Videos are excellent understanding but having doubts which are not being cleared. If any help on the doubts it will be really helpful

Having some docker-specific error debugging in the lectures was a nice touch, but all the Python spelling errors wasted a lot of unnecessary time that could have been prevented with a little extra preparation

Concepts are presented in very clear and professional . I am really enjoying this course

This course fulfills exactly what it propose. Learned about flask framework, build machine learning using docker, build a WSGI, clustering & NLP processes to deploy. Great classes!

1/ Does not cover some dependencies such as usage of pip, at least in the order that you need them.2/ Explaination of GET and POST verbs is misleading.3/ Explaining why we want to perform an action with another question, such as "Why not build the classifier?", is not very informative.4/ Using colloquialism's such as "live life king size" and "bad boy" is not very informative.5/ Using "paint" instead of a prepared images seems poor.6/ The presenter is unprepared generally for the material that he is presenting.7/ Misses important parts related to the subject such as retraining models and how this is done.8/ Spends lots of time talking about the ML implementation, rather than the subject matter of deploying such models.Summary: Competitors do a much better job.

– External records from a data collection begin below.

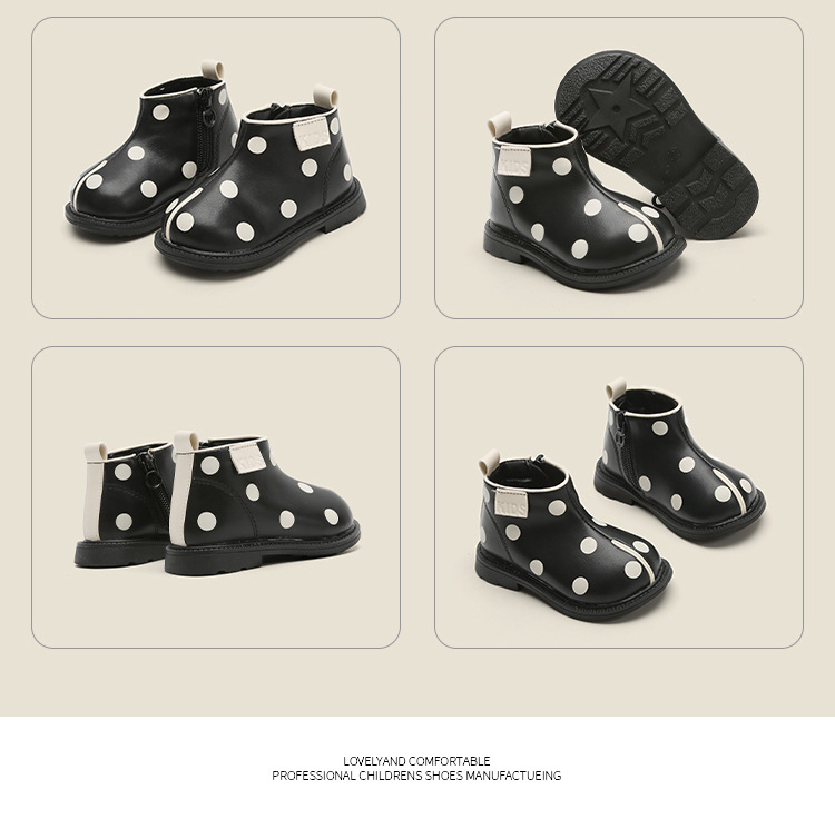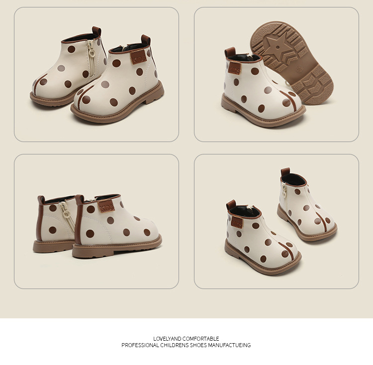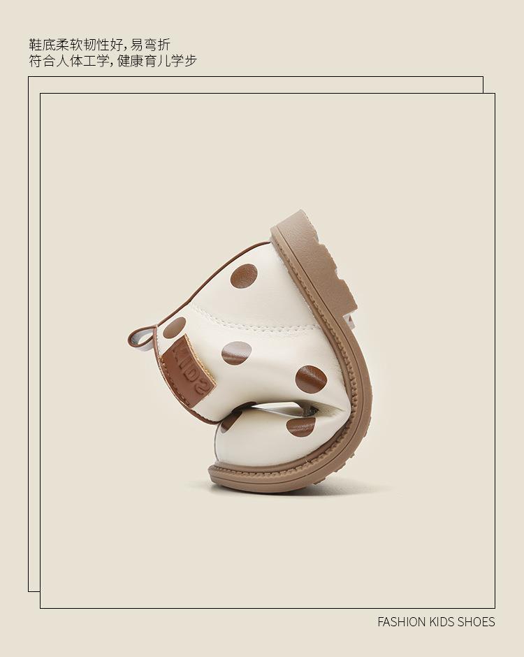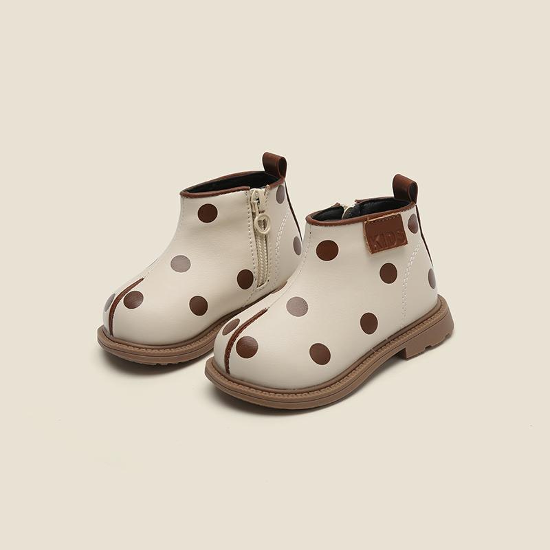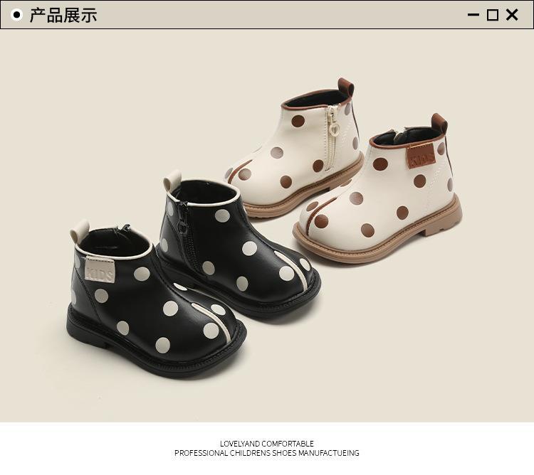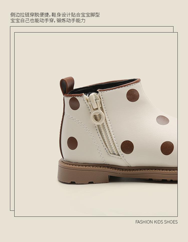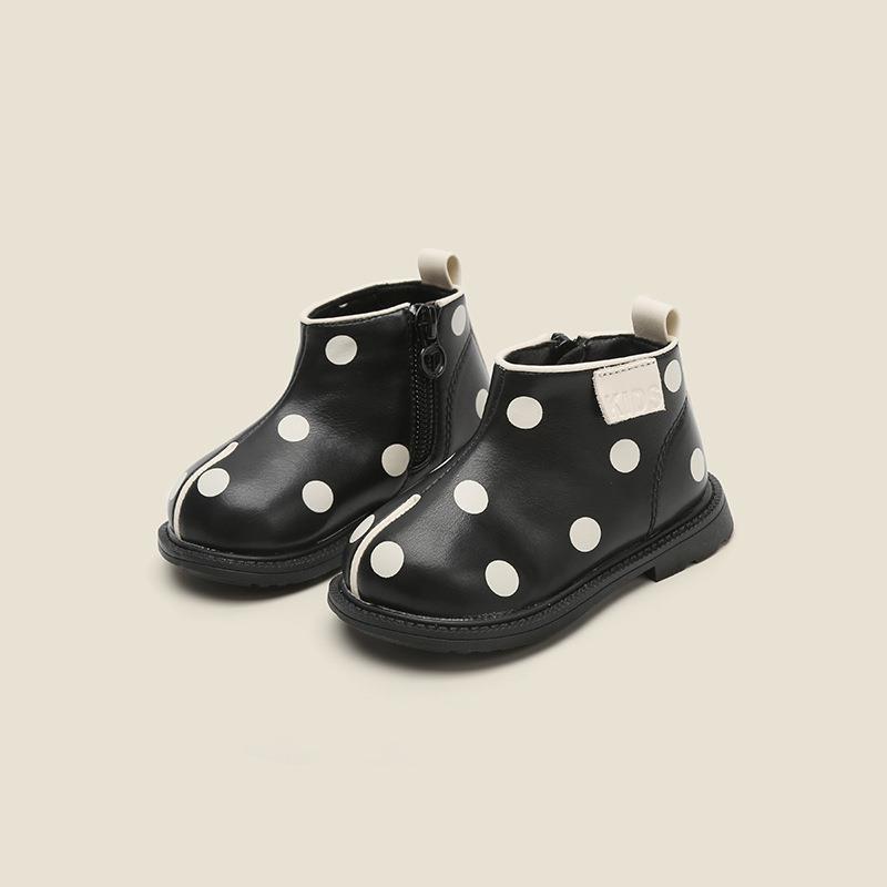 마이크 베어 어린이 마틴 부츠 아기 유아 신발 가을과 겨울 영국 스타일 발목 부츠 도트 가죽 신발 여자 기모 신발스토어 가기
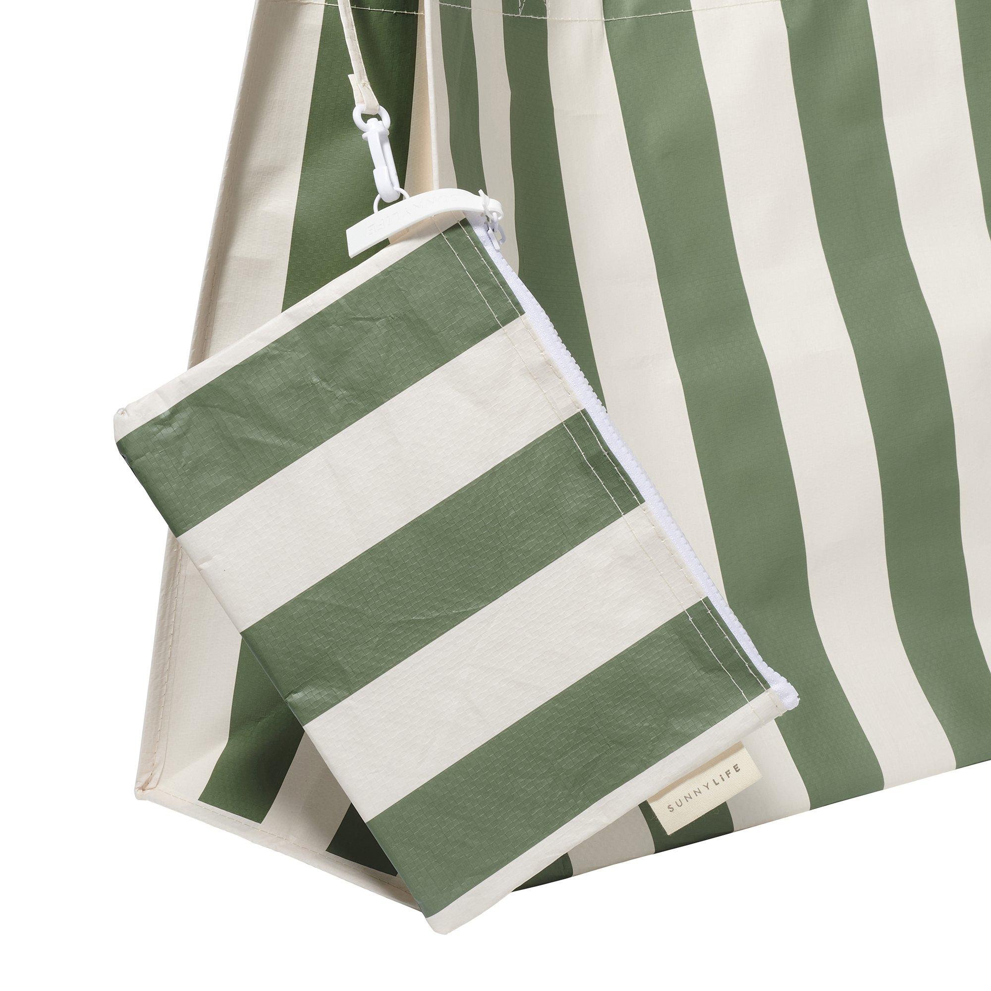 Live your best beach life with the SUNNYLiFE Carryall Beach Bag, perfect for carrying all your essentials. Designed to hold up to 7kg/15lbs, it’s both spacious and practical for beach days, poolside lounging, and beyond. Made from waterproof material to protect your belongings from sand and water, ensuring durability for all your outdoor activities. The bag also boasts double cotton straps for easy carrying. Includes a convenient detachable pouch for easy organization of smaller items, adding extra storage space and functionality. With drainage holes at the base, it keeps sand and water from collecting, making it ideal for your outdoor adventures. Lightweight and collapsible for easy storage when not in use, the Carryall Beach Bag is a must-have companion for any sunny outing.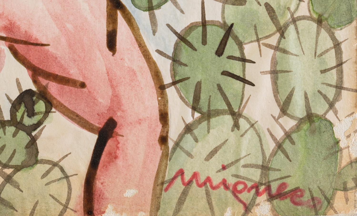 Giuseppe Migneco (Messina 1903 - Milano 1997), “Contadino tra i fichi d’India”. - Acquerello su carta, firmato in basso a destra, H cm 30x20 (difetti)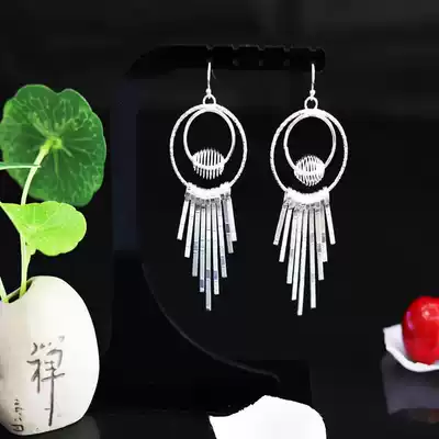 Simple ethnic style earrings personality exaggerated tassel retro temperament Net red super fairy long version earrings female Miao Dong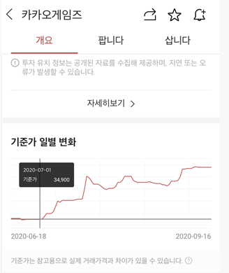 2020년 7월 1일 기준 34,900원에 거래되었습니다. 그 이후로는 60,000원대 마지막 상장전에는 70,000대까지 올라갔어요. (즉 조금 일찍 매수하면 이익이지만, 상장전이라고 해서 무조건 저렴하진 않다는거죠. 시장가를 예측할 수 없기때문에 잘 판단해야 할 필요가 있습니다.) / 무조건 상장전 매수!! 이건 비추천이라는거죠~

I have been wanting to learn this stuff for a long time, but never knew where to find it. I am so excited to try this out on my own projects! The instructor explains it so simply. Edit: This instructor does not appear to be responsive to questions in the Q&A section.

A very quick crash course that covers only the necessary topics in minimum possible time. The ML part is bare minimum. So, if you're thinking of learning ML part through this course, don't keep much expectations. As far as docker part is there, the instructor teaches the basics and develops a basic application, rest ML applications in course are left to dockerize ourselves as exercise.

The author explains very good and the course delivers all that is in the content. I was able to learn docker, although I had to pass through a lot of debugging to do the first homework. I learned a lot! Negative points: 1-the english legends have a lot of mistakes 2-there are forum questions that have not been answered.

The course is well explained. However, there are few bugs and the instructor does not answer questions.

I love the pace and the way this instructor explained the programming syntax, problem and resolution. My only challenge is he should have expanded the Editor all the way to the right and move the terminal console below or above it. That way, students can see all the codes that was written. I know that I can download the code from the resource file, but watching and seeing everything in one place is a trivial bonus. Other than that, I love the practicality of this course.

Vivek has elaborated the difference between Docker containers and VMs really well.